A regular redis list is a linked list, so getting ranges out of it is slow.
However, when we use this technique the list is partitioned, and it only takes `O(1)` to get to the correct partition.
As you increase `list-max-ziplist-entries`, memory savings increase and range queries get slower.
I published a [Ruby implementation][redis-stats-int_series.rb] of this approach for int and time series.
Are you doing something similar? I am curious to hear other approaches.
*Thanks [@ddtrejo](https://twitter.com/ddtrejo) for your edits and suggestions!*
#### Notes
* Packing efficiency depends on the data. Benchmark with your real data.

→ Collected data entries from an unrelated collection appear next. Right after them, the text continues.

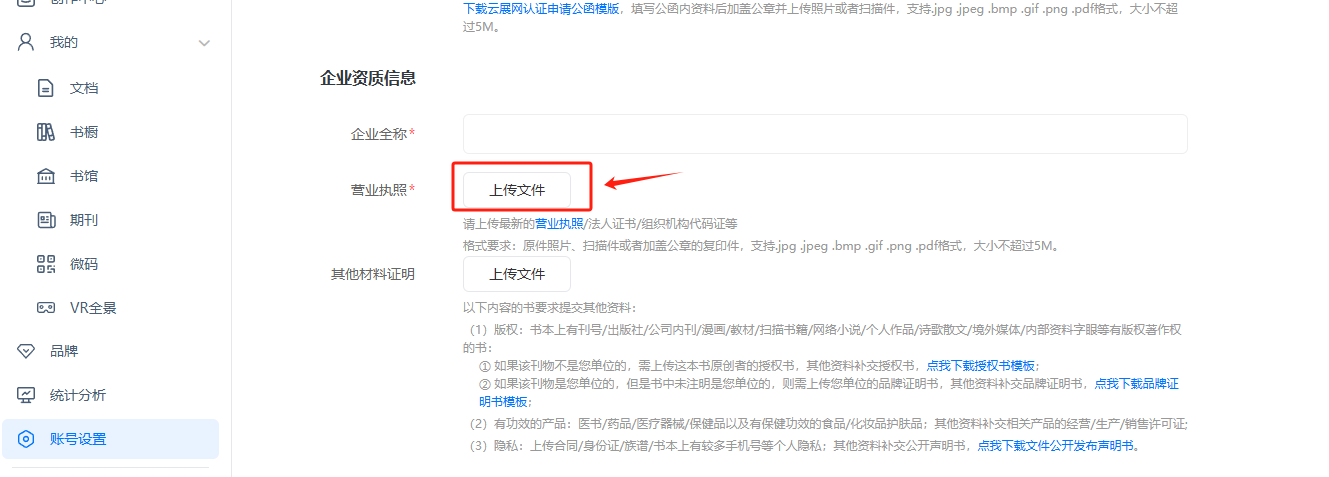 2) 上傳營(yíng)業(yè)執(zhí)照/組織機(jī)構(gòu)代碼證/法人證書等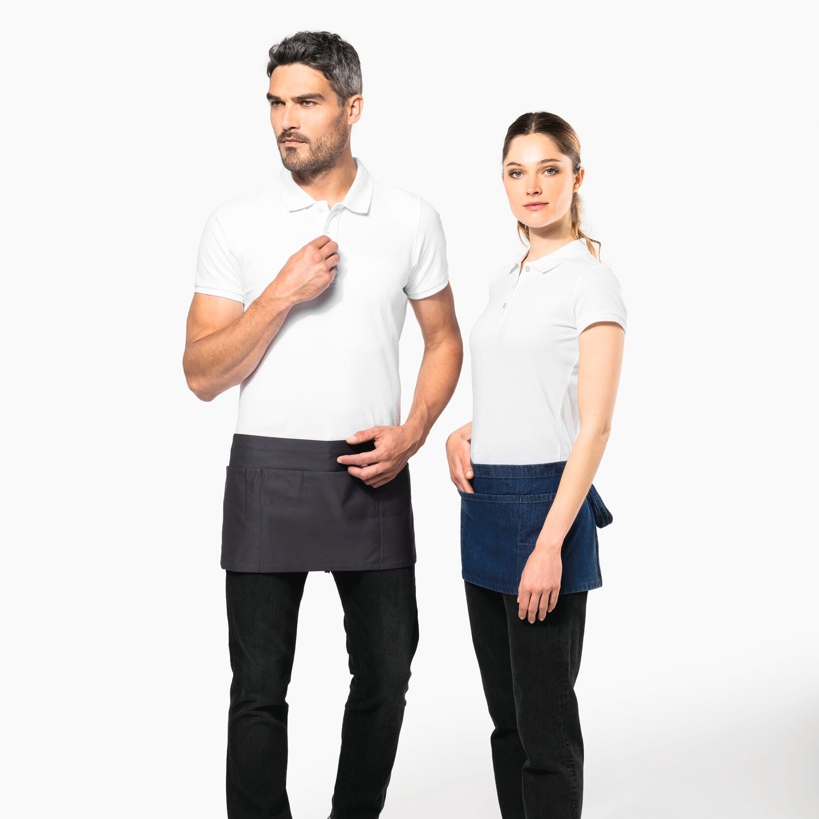 Avental curto de barman. Lavagem doméstica a 60°C. 5 Bolsos. Dimensões: Altura- 26cm – Largura- 70cm Cor Denim: este produto foi submetido a um tratamento especial apresentando um aspecto intencionalmente envelhecido. Este procedimento implica variação de cor de produto para produto tornando cada peça única..
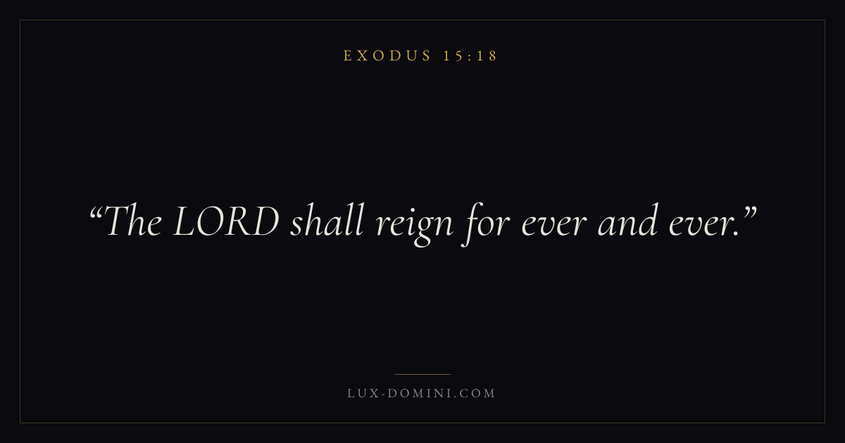 Even that same Lord that is spoken of throughout this song, and to whom everything in it is ascribed, and who is no other than the Lord Jesus Christ; his reign began in eternity, when he was set up and anointed as King over God's holy hill of Zion, his church, the elect, who were a kingdom put under his care and charge, and which he will deliver up again one day, complete and perfect: he reigned throughout the whole Old Testament dispensation, and was acknowledged as well as prophesied of as a King; in his state of humiliation he had a kingdom, though not of this world, and upon his ascension to heaven he was made and declared Lord and Christ; and thenceforward his kingdom became very visible in the Gentile world, through the ministration of his word, accompanied by his almighty power; and ever since, more or less, he has ruled by his Spirit and grace in the hearts of many of the children of men, and, ere long, will take upon him his great power, and reign, in a more visible, spiritual, and glorious manner, in the midst of his churches, in the present state of things; and then he will reign with all his saints raised from the dead, for the space of a thousand years on earth, and after that will reign with them for ever in heaven, in the ultimate state of glory and happiness: the reigns of all others are but short, or, however, but for a time, but the reign of Christ is for ever and ever; the reigns of sin, and of Satan, and of death, have an end, but of the government of Christ, and the peace thereof, there will be no end; the reigns of the greatest potentates, emperors, and kings, of cruel and tyrannical princes, such as Pharaoh, are limited to a certain time, as is the reign of antichrist, which when ended, and the saints will have got the victory over him, the song of Moses and the Lamb will be sung; but Christ's kingdom is an everlasting kingdoms, and his dominion is evermore: the Targum of Jonathan is,"let us set a crown on the head of our Redeemer, whose is the royal crown, and he is King of kings in this world, and whose is the kingdom in the world to come, and whose it is and will be for ever and ever;''and to the same purpose is the Jerusalem Targum.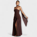 - Globok razporek: Razporek, ki poudarja noge, dodaja dramatičnost in omogoča svobodo gibanja.
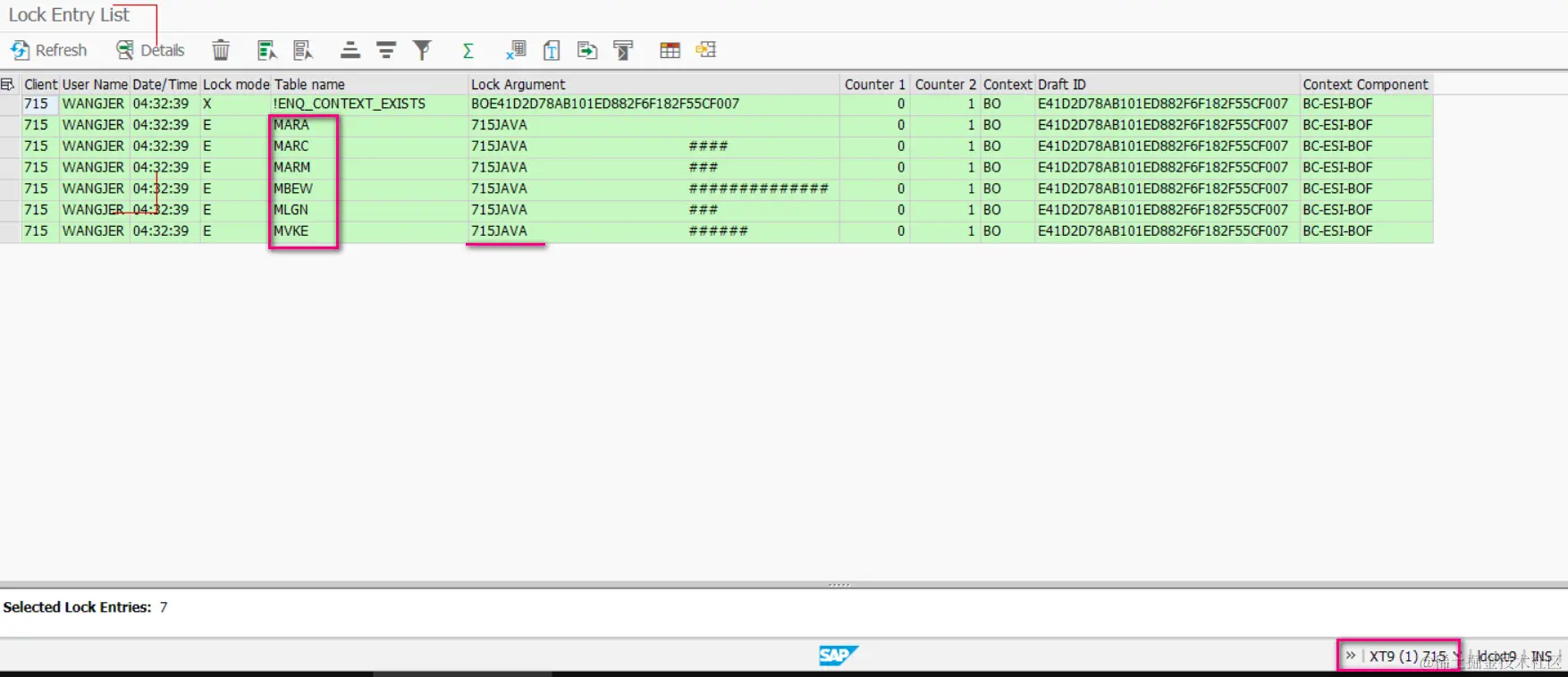 Now locks related to a series of Material tables could be found in tcode SM12: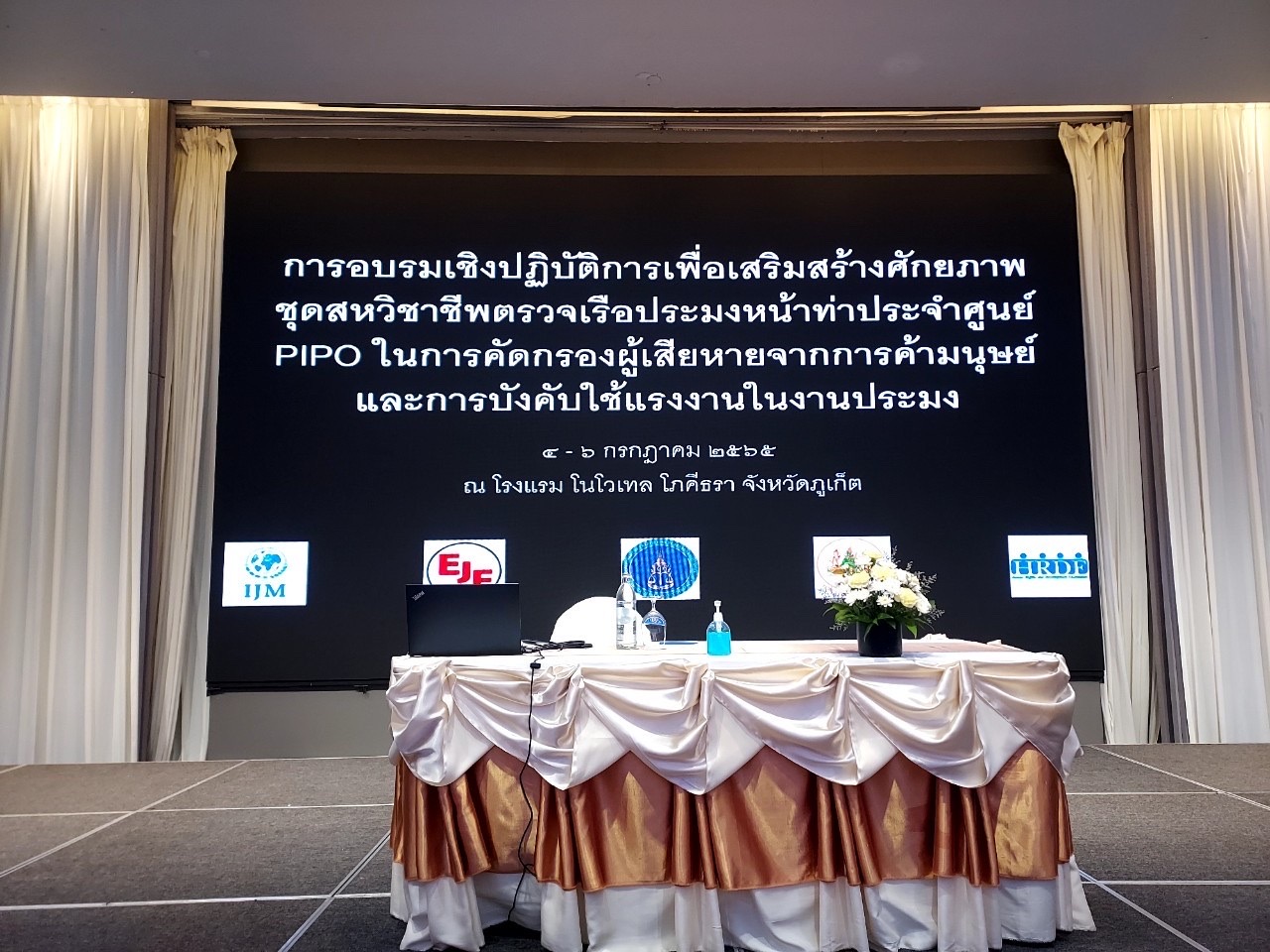 สรจ.ระนอง ร่วมอบรมโครงการอบรมเชิงปฏิบัติการเสริมสร้างศักยภาพชุดสหวิชาชีพตรวจเรือประมงหน้าท่าประจำศูนย์ PIPO ในการคัดกรองผู้เสียหายจากการค้ามนุษย์และการบังคับใช้แรงงานในงานประมง

* You can implement a similar trick for hashes and sets, redis will compress them based on the respective `-ziplist-entries` values.
* Tested on redis 2.6.14, installed via homebrew on OS X 10.8.3.
#### See also
* [Discussion on Hacker News](https://news.ycombinator.com/item?id=6307769).
* Instagram dev blog post on [storing key-value pairs using partitioned hashes][instagram-partitioned-hashes].
* [Redis in Action](http://www.manning.com/carlson/) book by [@dr_josiah](https://twitter.com/dr_josiah).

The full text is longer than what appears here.